§ Exercise requirements
Include the line containing "Photo No.43: ---- Ditto" and every line after it up to the end of the material below; reproduce them exactly and drop the pictures.

§ Data supplied
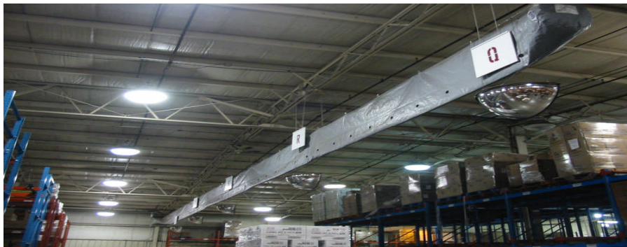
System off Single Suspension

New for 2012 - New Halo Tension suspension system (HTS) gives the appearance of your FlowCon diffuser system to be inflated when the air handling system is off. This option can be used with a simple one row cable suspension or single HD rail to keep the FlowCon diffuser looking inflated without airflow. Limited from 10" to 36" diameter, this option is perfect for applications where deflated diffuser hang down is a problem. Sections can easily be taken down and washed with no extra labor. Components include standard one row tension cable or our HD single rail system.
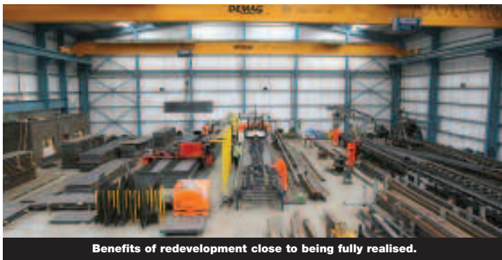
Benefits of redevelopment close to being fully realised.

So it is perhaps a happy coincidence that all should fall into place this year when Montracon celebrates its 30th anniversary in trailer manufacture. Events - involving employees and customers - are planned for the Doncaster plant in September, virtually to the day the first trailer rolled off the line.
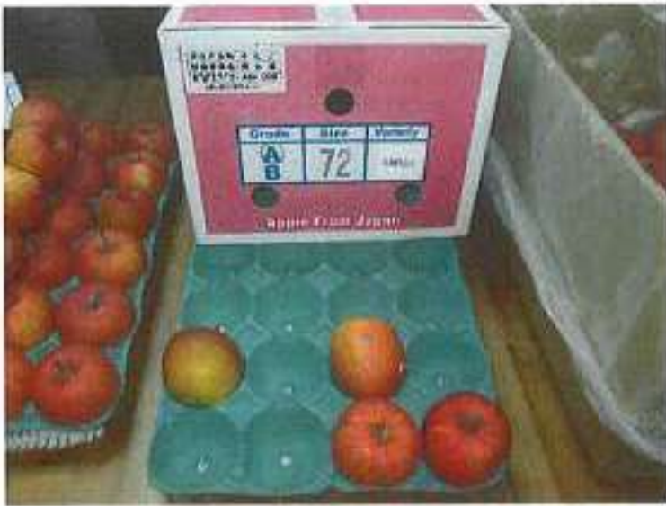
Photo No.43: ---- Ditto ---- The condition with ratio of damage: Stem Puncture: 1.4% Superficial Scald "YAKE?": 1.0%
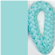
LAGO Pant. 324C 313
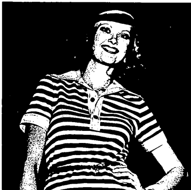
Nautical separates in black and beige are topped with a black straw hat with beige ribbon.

§ Output of the exercise
Photo No.43: ---- Ditto ---- The condition with ratio of damage: Stem Puncture: 1.4% Superficial Scald "YAKE?": 1.0%
LAGO Pant. 324C 313
Nautical separates in black and beige are topped with a black straw hat with beige ribbon.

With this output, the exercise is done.